Matter of Kalah O. |
2017 NY Slip Op 07550 |
Decided on October 31, 2017 |
Appellate Division, First Department |
Published by New York State Law Reporting Bureau pursuant to Judiciary Law § 431. |
This opinion is uncorrected and subject to revision before publication in the Official Reports. |
Decided on October 31, 2017
Acosta, P.J., Manzanet-Daniels, Gische, Kapnick, Kahn, JJ.
4862
Tamara A. Steckler, The Legal Aid Society, New York (Raymond E. Rogers of counsel), for appellant.
Zachary W. Carter, Corporation Counsel, New York (Diana Lawless of counsel), for presentment agency.

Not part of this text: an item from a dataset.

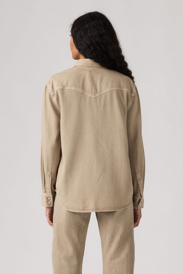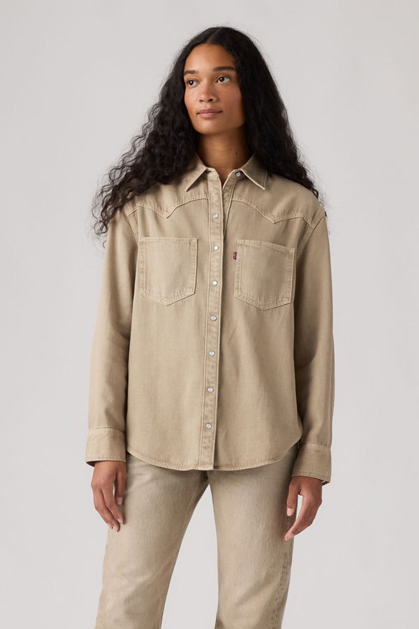 Cowboy boots not included. The Teodora Western Shirt is a feminine take on a western staple, with a classic snap-button front, two patch pockets, a relaxed fit and a western-inspired yoke design.

Order of disposition, Family Court, New York County (Stewart H. Weinstein, J.), entered on or about November 12, 2015, which adjudicated appellant a juvenile delinquent upon a fact-finding determination that he committed acts that, if committed by an adult, would constitute the crimes of criminal sexual act in the third degree and sexual abuse in the third degree, and placed him with the Office of Children and Family Services for a period of 18 months in a limited secure facility, with credit for time served, unanimously affirmed, without costs.
After weighing all the pertinent factors, we conclude that the court properly denied appellant's motion to dismiss the petition, made on the ground that he was denied his constitutional right to a speedy trial (see Matter of Benjamin L., 92 NY2d 660 [1999]). The presentment agency provided a sufficient explanation for its delay (of less than 10 months) in filing the petition, the delay did not undermine the rehabilitative goal of this proceeding, and appellant has not demonstrated any prejudice.
The court's finding was based on legally sufficient evidence and was not against the weight of the evidence (see People v Danielson, 9 NY3d 342, 348-349 [2007]). There is no basis for disturbing the court's credibility determinations. The evidence supports the conclusion that the sexual activity at issue occurred after the victim had plainly revoked any consent she may have given.
Reliance on the rape shield law, as applicable to these proceedings, to limit inquiry into the victim's sexual history was a provident exercise of the court's discretion (see Family Court Act § 344.4; Matter of Dakota EE., 209 AD2d 782 [3rd Dept 1994]). The additional evidentiary ruling challenged on appeal was also a provident exercise of discretion. In any event, any error in either or both of these rulings would not warrant reversal.
THIS CONSTITUTES THE DECISION AND ORDER
OF THE SUPREME COURT, APPELLATE DIVISION, FIRST DEPARTMENT.